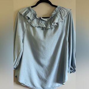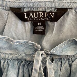 Lauren Ralph Lauren Chambray Ruffle Neck Boho Blouse Size Medium
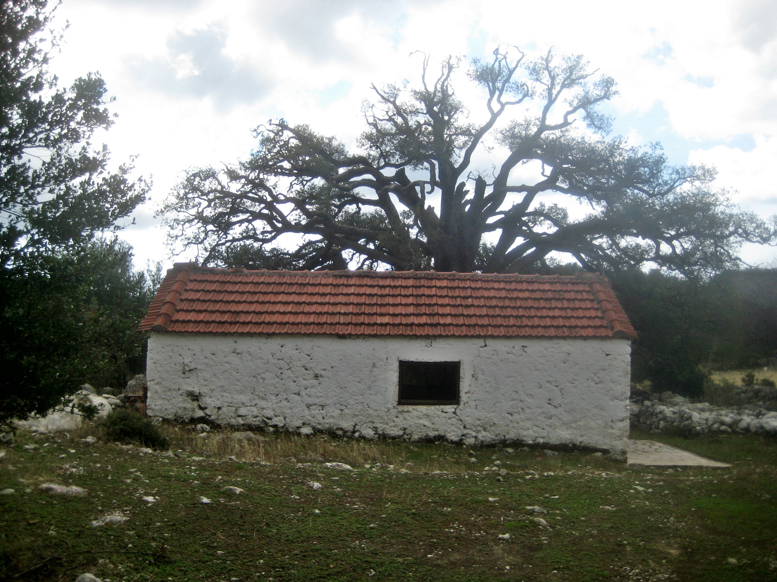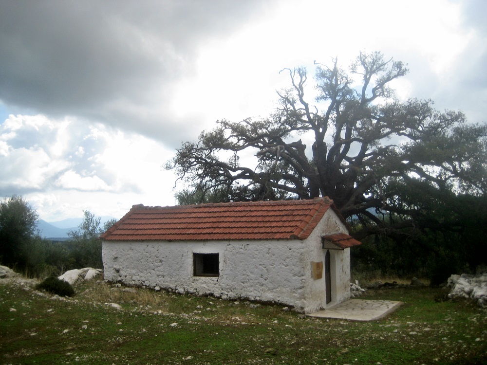 Τώρα, το κύριο που θα θέλαμε να επισημάνουμε δεν είναι αυτό καθαυτό το ξωκλήσι, αλλά τα αιωνόβια δέντρα. Πρώτη φορά βλέπουμε τέτοιο πουρνάρι στα μέρη μας. Ο κορμός του είναι τριπλάσιος σχεδόν, αν όχι μεγαλύτερος, από αυτό που βρίσκεται έξω από την εκκλησία της Παναγίας της Αλεξανδρίτισσας για όσους το ξέρουν.
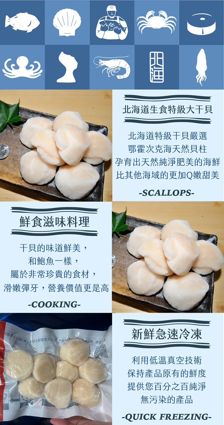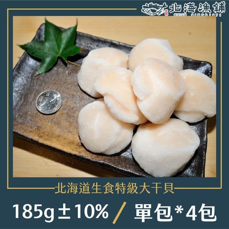 1.商品品名:【北海漁鋪】北海道生食特級大干貝(185g±10%/包)*4包

_ _ _ _

Could you reproduce the listing above word for word while leaving out its pictures?

 Lauren Ralph Lauren Chambray Ruffle Neck Boho Blouse Size Medium
 Τώρα, το κύριο που θα θέλαμε να επισημάνουμε δεν είναι αυτό καθαυτό το ξωκλήσι, αλλά τα αιωνόβια δέντρα. Πρώτη φορά βλέπουμε τέτοιο πουρνάρι στα μέρη μας. Ο κορμός του είναι τριπλάσιος σχεδόν, αν όχι μεγαλύτερος, από αυτό που βρίσκεται έξω από την εκκλησία της Παναγίας της Αλεξανδρίτισσας για όσους το ξέρουν.
 1.商品品名:【北海漁鋪】北海道生食特級大干貝(185g±10%/包)*4包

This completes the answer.